Awarded by Kiribati
- Type: Order
- Established: 1 June 1989; 35 years ago
- Country: Kiribati
- Ribbon: Blue with yellow edges and a red central stripe with white edges
- Criteria: Former presidents of Kiribati who have served at least two full terms; others deemed deserving
- Status: Currently constituted
- Founder: Ieremia Tabai
- Classes: Single-class
- Post-nominals: A.T.K.

Statistics
- First induction: 1992

Precedence
- Next (higher): None
- Next (lower): Kiribati National Order

= Kiribati Grand Order =

Kiribati's highest honour

The reverse side bears the coat of arms of Kiribati and the obverse has the frigatebird.

The Kiribati Grand Order (KGO; Ana Tokabeti Kiribati, post-nominals A.T.K.) is the highest honour of Kiribati. The order was founded in 1989 under President Ieremia Tabai by the Presidential Act of 1 June 1989 (Kiribati National Honours and Awards Act 1989) which established the Kiribati honours system.

The order can be conferred upon "former Beretitenti [presidents of Kiribati] who have served a minimum of two full presidential terms. It may also be bestowed or conferred upon such other persons who in the opinion of the [Kiribati National Honours and Awards] Commission deserve to be bestowed or conferred with such Order." Past recipients include Ieremia Tabai, three-time president of Kiribati (the first inductee, 1992), and John Hilary Smith, former Governor of the Gilbert Islands before it became Kiribati (2009). Nominations to the order are made on 12 July, the national day of Kiribati. The Kiribati National Honours and Awards Commission conducts the selection of candidates but the conferment of the order is a prerogative of the president of Kiribati, who may also revoke membership in the order.

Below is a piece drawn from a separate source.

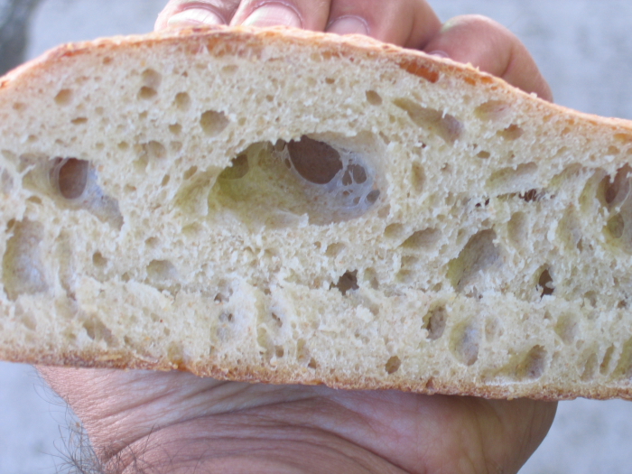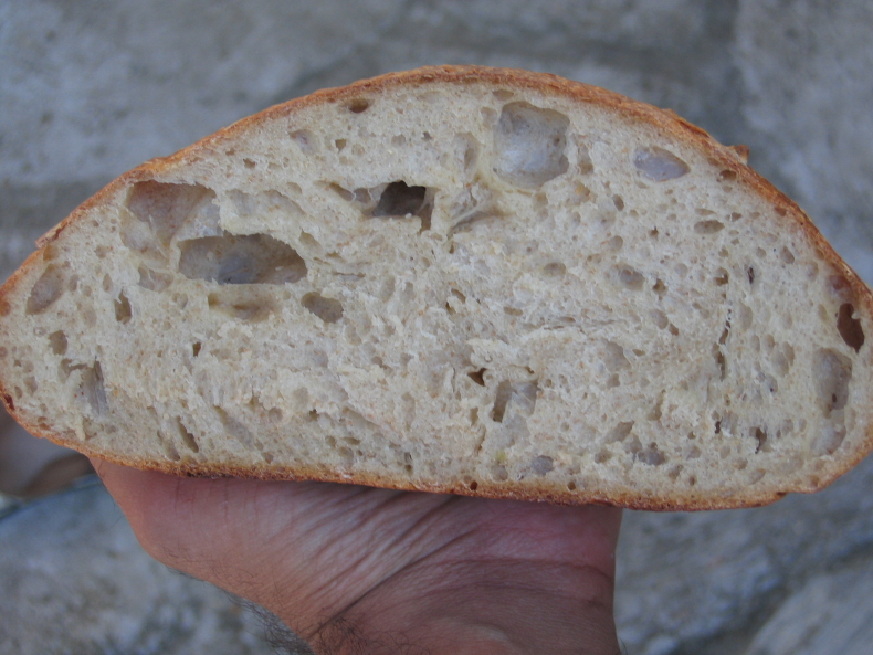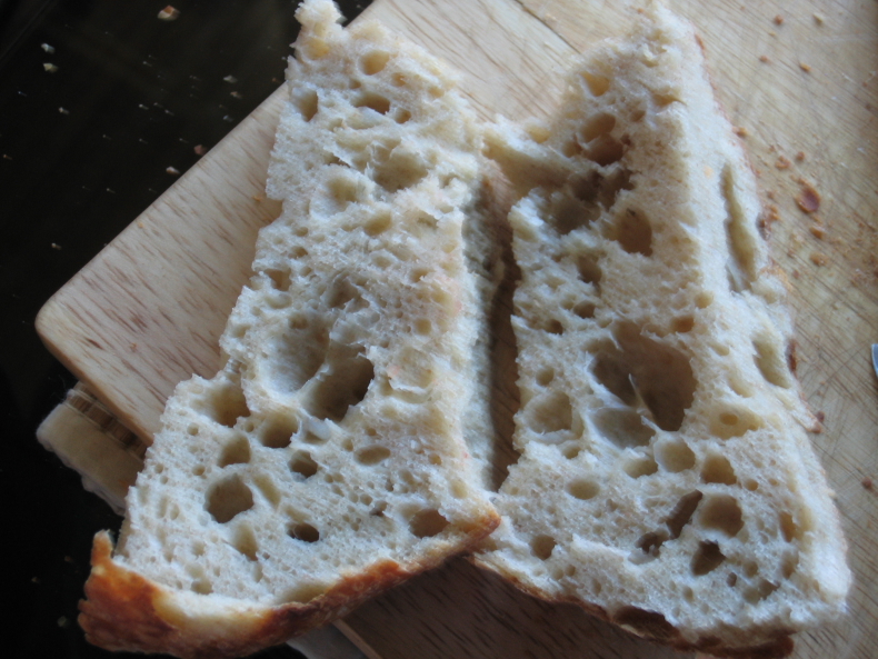 Pictures from today's bake. My camera died on me, so I have pics only of half a loaf (don't ask) and that's why the second pic looks triangular :

The Kiribati Grand Order is classified as one of four civil awards in the Kiribati honours system, the remaining two being reserved for members of the disciplined forces. Ranking immediately below the Kiribati Grand Order in the civil category is the Kiribati National Order.

The insignia of the order is a gilt medal that is 3.2 cm in diameter. The medal is suspended from a straight bar that is attached to the ribbon. The ribbon is blue and has yellow edges and a red central stripe with white edges. The obverse side of the medal features the name of the order inscribed in Gilbertese, ANA TOKABETI KIRIBATI, and a male frigatebird on a branch whose inflated throat pouch is enamelled in red. The same frigatebird, in flight, is featured in the coat of arms of Kiribati, which is replicated in full on the reverse side of the medal. The outer edges of the medal on the obverse side feature a pattern of alternating points of a compass rose and ocean waves.

In 2022 the office of the president of Kiribati announced a competition to re-name and re-design all of Kiribati's honours including the Kiribati Grand Order.